В «Падении династии Романовых» (прежде — «Февраль») Э. Шуб нет доснятых кусков[450].

Весь материал: история, снятая не с нашей точки зрения, ибо методы съемки тогдашних картин тоже были не наши.

Между тем картина получилась современная. И не потому, что Николай Романов хотел, чтобы его сняли как величественного и доброго царя, а Керенский хотел быть снятым очаровательным. А помещик, тыкающий палкой в борозду, проведенную чужим трудом, позировал как добрый хозяин.

Нет, она потому наша, что монтажер, сопоставляя кадры, дал нам Николая Романова малорослым и вредным царем. Тираном-неудачником.

В трехсотлетие дома Романовых идут из Кремля золоченые люди.

Среди них — градоначальник. Он грозит кулаками толпе, очевидно, крича: «Шапки». Николай идет мелким и спутанным шагом.

Едут февральские восторженные и наивные грузовики.

Идут солдаты гарнизона, вооруженные офицерскими шашками.

Керенский взлетел в воздух, улыбаясь и держа в руке шапку. В сто лет не придумать такой манеры летать в воздухе!

Картина восстанавливает эпоху.

Ленты встали из коробок.

Из 60 000 метров просмотренного негатива и позитива собралась картина в 15 000 метров[451], кроме надписей.

Чистым выигрышем оказался получившийся в результате просмотра каталог лент.

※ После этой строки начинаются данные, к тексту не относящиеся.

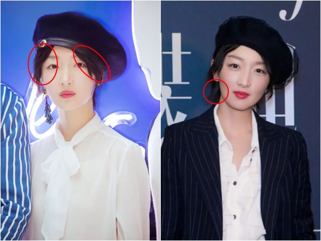 报童帽帽型比较随意,帽檐浅,露不露刘海都可以,她一般会露出两边的头发。但对于下巴尖的同学来说,两边的头发适当露多些,整体更好看。对比一下,左边头显得有点重。▼

Фильма интересна не только исторически.

Оказалось, что десять-одиннадцать лет тому назад хорошо снимали. Есть кадры эйзенштейновской силы. Манера старых операторов снимать длинными кусками, их спокойные панорамы, длинные шествия совпадали с тем, к чему опять идет кинематография.

Техника ленты в руках конструктивистки Э. Шуб так осмыслена, что вещь представляет собой и чисто кинематографический интерес.

А прошлое, как оказалось, за десять лет далеко ушло от нас. Мы отошли от него как два паровоза, идущие в разные стороны.

Глубокой стариной, восемнадцатым веком кажется русская провинция. Шляпки. Юбки. Гимназисты.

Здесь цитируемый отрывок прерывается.